Source material:
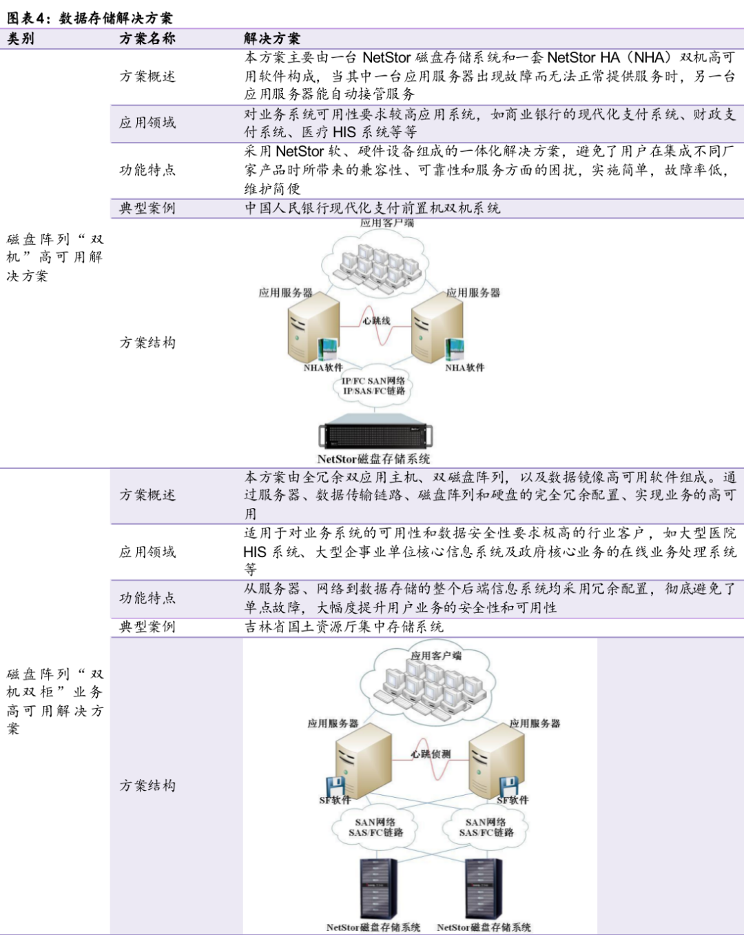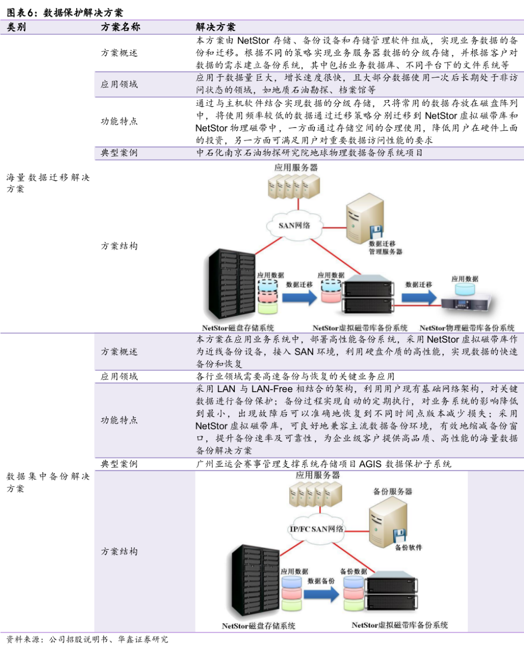 公司除了能够提供 NetStor磁盘存储系统及NetStor存储管理软件等产品外,还根据各行业特性和多年的项目经验总结,形成了多种数据存储解决方案,能够根据用户具体需求和信息系统特点为其提供包括数据存储产品在内的一系列产品组合及相关服务。公司在数据存储领域的解决方案主要包括:
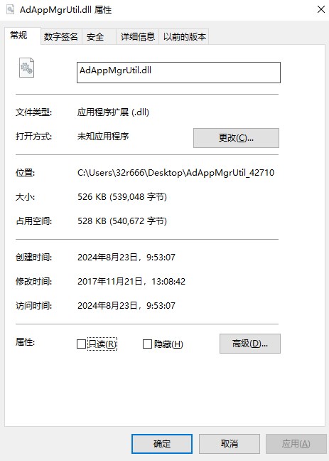 一、如果在运行某软件或编译程序时提示缺少、找不到AdAppMgrUtil.dll等类似提示,您可将从本站下载来的AdAppMgrUtil.dll拷贝到指定目录即可(一般是system系统目录或放到软件同级目录里面),或者重新添加文件引用。
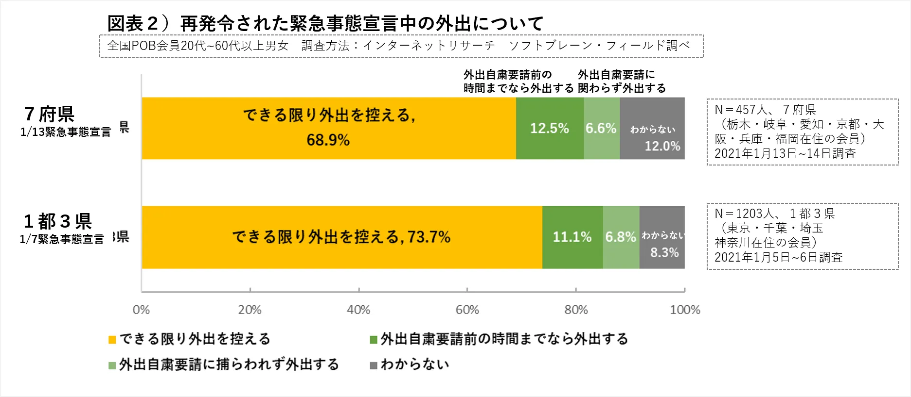 そこで、フィールド・クラウドソーシング事業を展開するソフトブレーン・フィールド株式会社(本社:東京都港区、代表取締役社長:木名瀬博)は、今月7日配信した「1都3県の会員を対象とした緊急事態宣言に対するアンケート調査」に続き、新たに追加された「7府県の会員を対象としたアンケート調査」を実施しました。(N=457人、調査期間2021年1月13日~14日)今回のアンケート調査では、再発令された緊急事態宣言の方針でもある、「外出自粛」や「テレワークの実施」において1都3県と7府県における意識の比較調査結果をまとめました。

Instructions to follow: The output should be the lines from the one with "一、如果在运行某软件或编译程" through the end of the material above, both ends included, printed exactly and nothing else. Drop the pictures.

Solution to the problem:
 一、如果在运行某软件或编译程序时提示缺少、找不到AdAppMgrUtil.dll等类似提示,您可将从本站下载来的AdAppMgrUtil.dll拷贝到指定目录即可(一般是system系统目录或放到软件同级目录里面),或者重新添加文件引用。
 そこで、フィールド・クラウドソーシング事業を展開するソフトブレーン・フィールド株式会社(本社:東京都港区、代表取締役社長:木名瀬博)は、今月7日配信した「1都3県の会員を対象とした緊急事態宣言に対するアンケート調査」に続き、新たに追加された「7府県の会員を対象としたアンケート調査」を実施しました。(N=457人、調査期間2021年1月13日~14日)今回のアンケート調査では、再発令された緊急事態宣言の方針でもある、「外出自粛」や「テレワークの実施」において1都3県と7府県における意識の比較調査結果をまとめました。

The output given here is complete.